They say that like fine wine, we get better with time. If you want proof of this, just look at Glenn Close, who turns 72 on March 19. While many women turning that age are thinking of slowing down, the beloved veteran actress is hitting her stride—winning several awards for her nuanced performance in The Wife, including a Golden Globe
Later this week, we’ll see if Close will get the ultimate kudo—an Academy Award. Close has received seven nominations with no wins, but her much-talked about performance in The Wife has placed her as the front-runner for best actress.
In the movie, Close plays the introspective Joan Archer, who goes with her husband to Norway, while he accepts the Nobel Prize for Literature. The story is told mostly in flashbacks, as the character thinks back about her life and her lengthy marriage—what she’s given to the relationship, what she’s put up with, and the fairness of the arrangement with her husband. The characters’ marriage is an extreme example of a woman getting lost in a relationship, and the film suggests we’ve lost much as a society by not allowing women to pursue their potential, passions and talents freely.
Life Paralleling Art
In her Golden Globes acceptance speech, Close acknowledged the parallel between her mom and her tour-de-force role.
We women have to say, ‘I can do that, and I should be allowed to do that.’

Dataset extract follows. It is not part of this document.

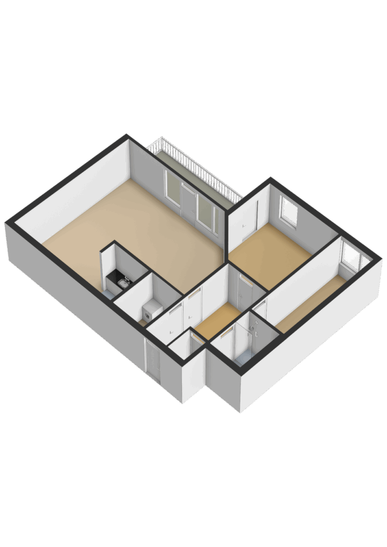 Het appartement heeft twee slaapkamers. De grootste biedt, net als de woonkamer, direct toegang tot het balkon door middel van een loopdeur.

“To play a character who is so internal, I’m thinking of my mom who really sublimated herself to my father her whole life. And in her 80s, she said to me, ‘I feel like I haven’t accomplished anything.’ And it was so not right. And I feel like what I’ve learned from this whole experience is, women, we’re nurturers, that’s what’s expected of us. We have our children, we have our husbands if we’re lucky enough, and our partners. But we have to find personal fulfillment. We have to follow our dreams. We have to say, ‘I can do that, and I should be allowed to do that.’”

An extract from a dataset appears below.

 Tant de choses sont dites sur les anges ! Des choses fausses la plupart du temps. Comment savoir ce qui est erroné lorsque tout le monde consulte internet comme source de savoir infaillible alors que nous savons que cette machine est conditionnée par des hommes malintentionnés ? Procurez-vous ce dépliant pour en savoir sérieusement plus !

It is the personal fulfillment of creating provocative roles for decades that really drives Close.
“When I was little I felt like Muhammad Ali, who was destined to be a boxer,” she said onstage. “I felt destined to be an actress. I saw the early Disney films and Hayley Mills and I said, Oh, I can do that! And I’m here today. It will have been 45 years in September that I am a working actress, and I cannot imagine a more wonderful life.”
Her Mother’s Life

Glenn Close at the 2019 BAFTA Awards. Image: Glenn Close/Instagram
In the pressroom, Close elaborated, telling reporters her parents got married when they were 18 years old. “My dad went off to the war. My mom, actually, never went to college. She started having children very early. She had a great artistic mind. She was very good at art herself.”
Close’s dad went on to be a surgeon. “She always said, ‘I made a vow, and I am going to stay in this.’ I can’t say that it was fulfilling for her for the potential that she had. When she said to me, ‘I feel like I haven’t accomplished anything,’ of course as her child you say, ‘no, no, no, that’s not true. You have children and we love you and you have supported your husband all these years.’”

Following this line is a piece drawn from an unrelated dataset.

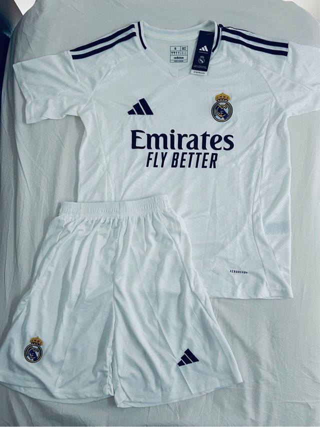 Dettagli del prodottoSet da calcio del Real Madrid, completo di maglia e pantaloncini.

But Close understood what she meant.
“There’s another part of you that has nothing to do with who’s in your life, everything to do with what’s in your heart and what’s in your soul and what feeds you and makes you feel that you are giving an important contribution to your life. … I hold her in my heart. I’m very moved to get this award for this particular story for her sake.”
The director said, ‘Do you trust me?’ ‘Yes,’ I said. ‘Do you trust me?’
Close also talked about navigating her craft, particularly in the pivotal closeup scenes.
“Our director trusted the close-up. He knew how to light them, and he knew how to put the camera. He said ‘do you trust me,’ ‘Yes,’ I said. ‘Do you trust me?’ ‘Yes.’ That’s how we made this.”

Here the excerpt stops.